Optional types offer you two choices: either you have a value or you don’t. In other words, it is optional to set the variable to a value.

from typing import Optional
maybe_a_string: Optional[str] = "abcdef" # This has a value
maybe_a_string: Optional[str] = None     # This is the absence of a value

This code indicates that the variable maybe_a_string may optionally contain a string. That code typechecks just fine, whether there is a string value bound to maybe_a_string or a None value.

At first glance, it’s not apparent what this buys you. You still need to use None to represent the absence of a value. I have good news for you, though. There are three benefits I associate with Optional types.

First, you communicate your intent more clearly. If a developer sees an Optional type in a type signature, they view that as a big red flag that they should expect None as a possibility.

def dispense_bun() -> Optional[Bun]:
# ...

If you notice a function returning an Optional value, take heed and check for None Values.

Secondly, you are able to further distinguish the absence of value from an empty value. Consider the innocuous list. What happens if you make a function call and receive an empty list? Was it just that no results were provided back to you? Or was it that an error occurred and you need to take explicit action? If you are receiving a raw list, you don’t know without trawling through source code.
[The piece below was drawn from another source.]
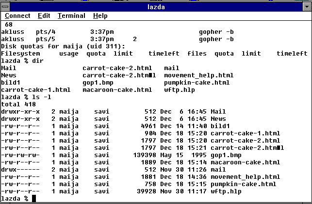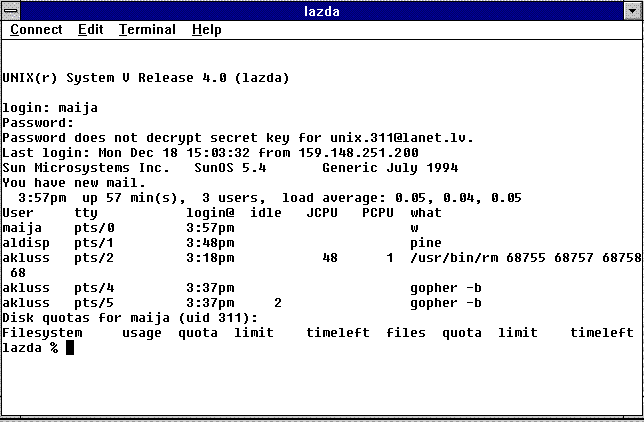 ** Jocīga un nesaprotama informācija uz ekrāna. Normālam darbam jālieto speciāli datu pārkodētāji. Reāli jālieto cita Telnet programma, kurai ir šādas papildiespējas.

However, if you use an Optional, you are conveying one of three possibilities:

  • A list with elements - valid data to be operated on

  • A list with no elements - no error occurred, but no data was available (provided that no data is not an error condition)

  • None - An error occurred that you need to handle

Finally, typecheckers can detect Optional types and make sure that you aren’t letting None values slip through.

Consider:

def dispense_bun() -> Bun:
    return Bun('Wheat')

Let’s add some error cases to this code:

def dispense_bun() -> Bun:
    if not are_buns_available():
        return None
    return Bun('Wheat')

When run with a typechecker, you get the following error:

code_examples/chapter4/invalid/dispense_bun.py:12: error: Incompatible return value type (got "None", expected "Bun")

Excellent! The typechecker will not allow you to return a None value by default. By changing the return type from Bun to Optional[Bun], the code will typecheck successfully. This will give developers hints that they should not return None without encoding information in the return type. You can catch a common mistake and make my code more robust. But what about the calling code?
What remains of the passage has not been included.